For batchGet / streamingBatchGet requests containing exactly one key, short-circuit to a single-GET lookup instead of issuing a multi-get streaming request. This is implemented in both the fast client and the thin client:

  • Add streamingBatchGetForSingleKey helpers in InternalAvroStoreClient (fast client) and AbstractAvroStoreClient (thin client). Each issues a get(key), adapts the result back onto the StreamingCallback (onRecordReceived + onCompletion), and unwraps CompletionException so callers see the original cause.
  • Short-circuit at the entry points: DispatchingAvroGenericStoreClient and RetriableAvroGenericStoreClient (fast client) detect keys.size() == 1 and route through the single-key helper, so the optimization applies regardless of which layer triggers it.
  • Add a new fast-client metric, batch_get_routed_to_single_get_request_count (Tehuti) / request.batch_get_routed_to_single_get_count (OTel COUNTER, dimensions store/cluster/request-method), recorded at the single-key short-circuit choke point so every 1-key request served via single-GET is counted exactly once.

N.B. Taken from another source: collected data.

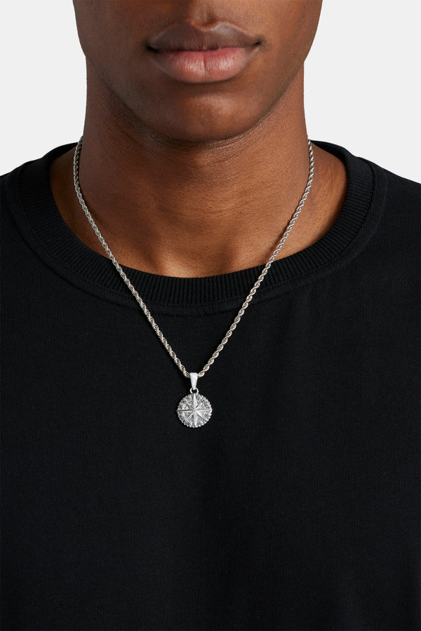 Iced Cross Disk Necklace - 13mm - White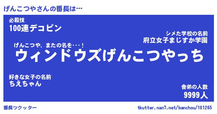 | ポケモン風あだ名 | 『ゲンチュウ』『ゲンコダネ』 |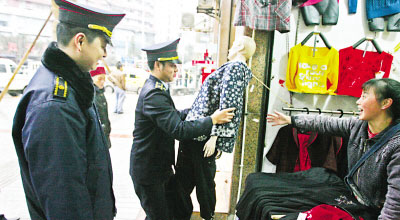 記者在沙坪壩區(qū)天陳路看到,臨街的公苑旅館在窗外懸掛被單,3名城管隊員連忙趕去,幫助店主收拾被單,臨走時丟下一句溫馨提醒“請記住,以后不要隨意懸掛物品”,整個過程只用了5分鐘,并未開罰單,店主十分滿意。10:10,記者看到,石碾盤一家服裝店剛購進2個模特兒,女店主一人無法搬移,2 名城管隊員連忙上去幫忙。10:20,天陳路一個“傳統(tǒng)包”店前,2名城管隊員正熱情幫助店主搬蒸鍋。旁邊的“泰國香米蛋糕”店門前,也有城管隊員在幫忙。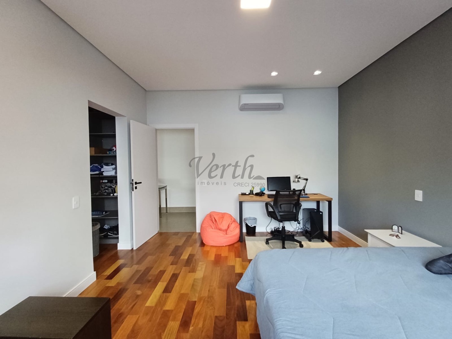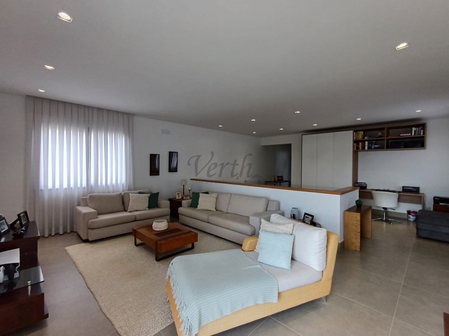 O imóvel conta com acabamentos em porcelanato e marcenaria planejada em diversos ambientes, como cozinha, dormitórios, closet, banheiros, escritório e área de serviço, trazendo praticidade e sofisticação ao dia a dia.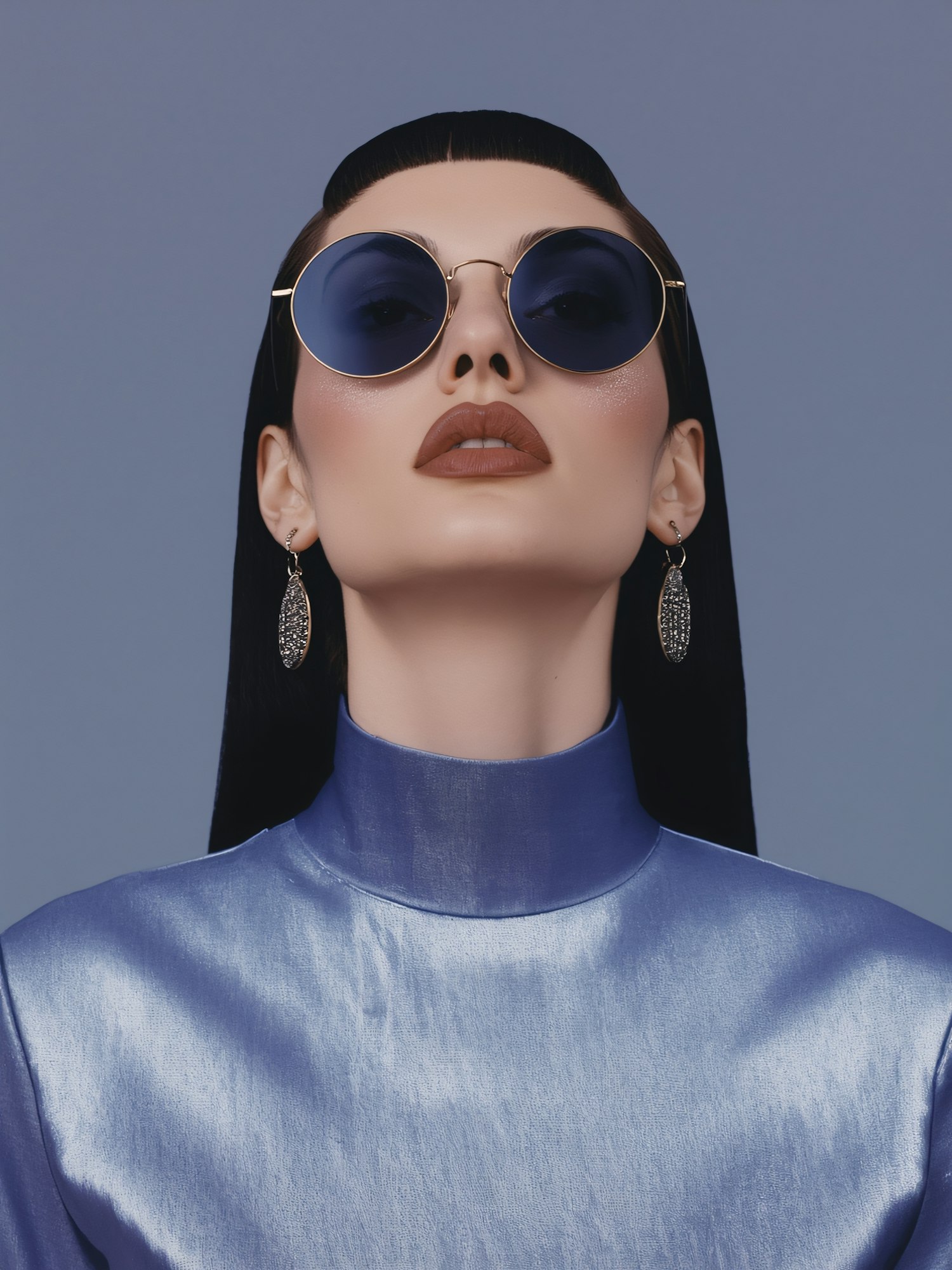 A fashionable portrait of a person in a metallic blue top, round sunglasses, and elegant earrings against a muted blue background.

It is wired through the dual-backend MetricEntityStateBase pattern (built in buildFastClientOtelStats so it survives cluster-name rebuilds), consistent with retry_request_win.
  • Document the behavior change at the short-circuit sites: a 1-key batch get now follows the single-get long-tail retry configuration rather than the batch-get one, and the server sees a single-get request type instead of a multi-get — which shifts server-side routing, read-quota accounting (single-get and batch-get quotas are throttled separately), and per-request-type server metrics for these requests.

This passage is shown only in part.